I agree that parse failure is more useful here than initial values which as you say are context dependent.

By the above, do you mean "variables are not available" or "if that variable is not available"?

LeaVerou commented 3 months ago

I agree that throwing is better than resolving with initial values, which is rarely what you want.

I think it would be illuminating to concretely enumerate the cases in which we don’t have enough information to resolve the color. So far we have mentioned:

  1. CSS variables
  2. currentColor
  3. system colors
  4. non-absolute dimensions (mainly via division between them)
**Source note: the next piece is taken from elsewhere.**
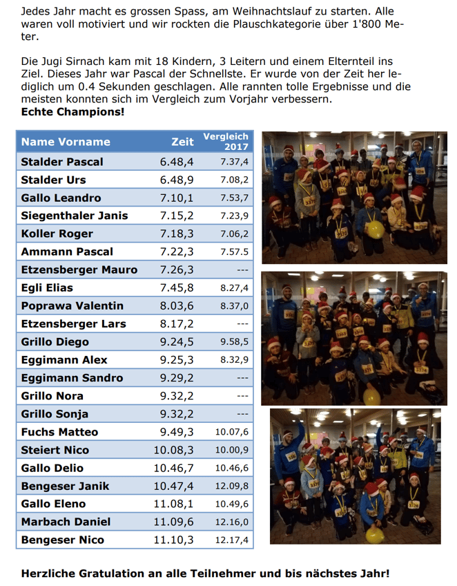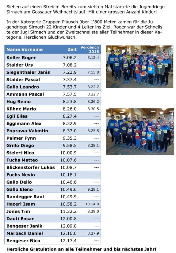Mit 14 Jugendriegler und 3 Leitern starteten wir am 3. Dezember das erste Mal am Gossauer Weihnachtslauf.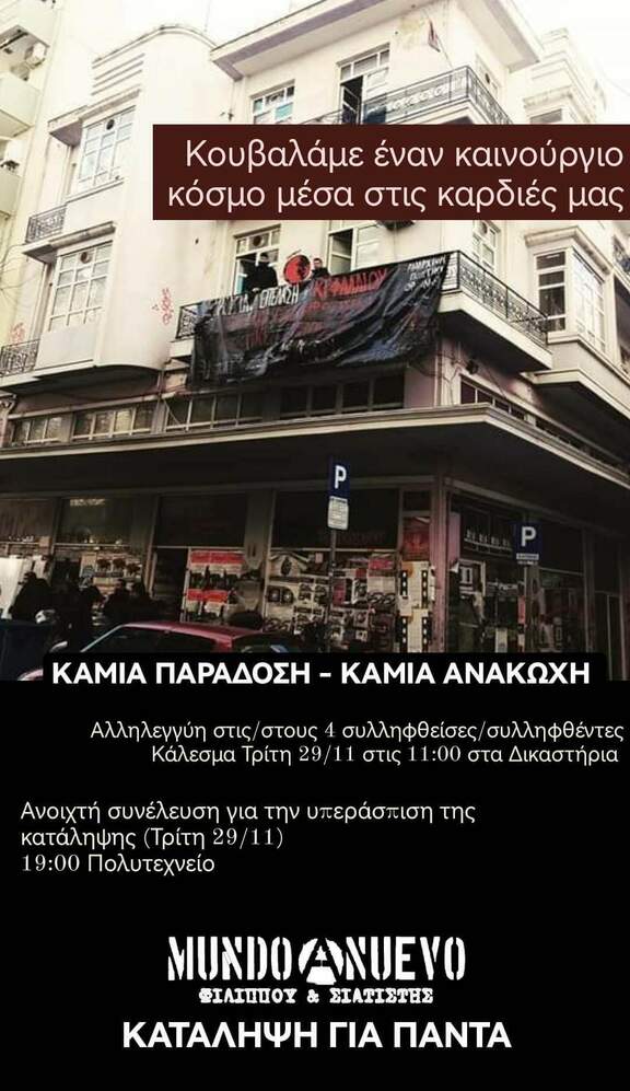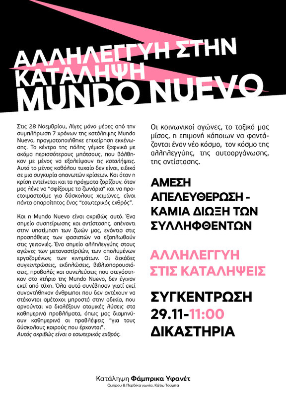 Συγκέντρωση για τους/ις συλληφθέντες/είσες της κατάληψης Mundo Nuevo

Is this an exhaustive list or are there others too?

I would love to explore ways to have our cake and eat it too, i.e. provide the necessary context (possibly not in v1). Ideally in a way that does not exclude JS runtimes from implementing this API, which is going to be tricky (if that was not a consideration, we could simply provide a DOM element reference and poof, all problems are gone). This would make it so much more useful for e.g. use cases like code editors, code playgrounds etc. (which currently fail miserably at showing a color preview in these cases). In some ways it seems similar to the URL constructor, which accepts either an absolute URL, or a relative URL and a base. But to figure out the best API shape for that, we need an exhaustive list of these cases.